REGELUNG FÜR AUFLADBARE HYBRIDFAHRZEUGE
Auch für Hybridfahrzeuge, die über einen Elektromotor verfügen und extern aufgeladen werden können, wurden neue Steuersätze bekannt gegeben. Bei Fahrzeugen mit einer gewichteten kombinierten CO2-Emission von unter 25 Gramm pro Kilometer und einer elektrischen Reichweite von über 70 Kilometern gilt:
Modelle mit einem Hubraum von nicht mehr als 1,6 Litern und einem Nettopreis von bis zu 1.350.000 TL unterliegen 45 Prozent,
Modelle, die diesen Preis übersteigen, unterliegen 75 Prozent ÖTV.
Bei Fahrzeugen mit einem Hubraum zwischen 1,6 und 1,8 Litern und einer Bemessungsgrundlage von nicht mehr als 1.350.000 TL beträgt der ÖTV-Satz 85 Prozent.
WIE WIRD SICH DIES AUF WELCHE FAHRZEUGE AUSWIRKEN?
Mit der neuen Regelung wird der ÖTV-Satz für Fahrzeuge mit Verbrennungsmotor, die einen Hubraum von 1,4 Litern oder weniger haben und bis zu 1.290.000 TL kosten, von 80 Prozent auf 70 Prozent gesenkt.

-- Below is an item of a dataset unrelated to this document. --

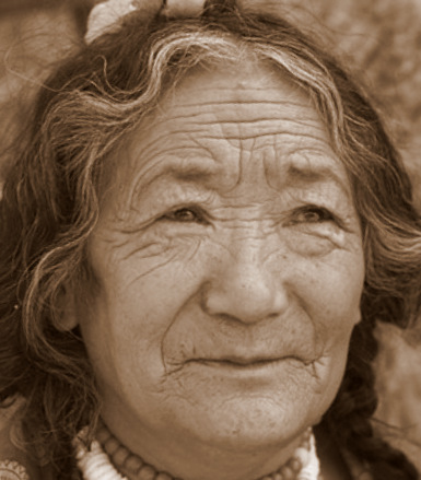 Faces of a Navajo and a Tibetan woman. Similarities in appearance possibly reflect a common ancestor who crossed the Bering land or ice bridge between continents from Asia during cycles of the ice ages.

Ähnlich wurde der Steuersatz für Modelle mit 1,4 Litern Hubraum, die bis zu 1.944.000 TL kosten, von 80 Prozent auf 75 Prozent reduziert. Bei diesen Fahrzeugen wird ein Preisrückgang erwartet.
Auf der Seite der Elektrofahrzeuge wurde der für Modelle unter 1.950.000 TL geltende ÖTV-Satz von 10 Prozent auf 25 Prozent angehoben.
Diese Änderung könnte zu Preiserhöhungen bei Modellen wie dem „Togg T10X“ und dem „Tesla Model Y Juniper SR“ führen.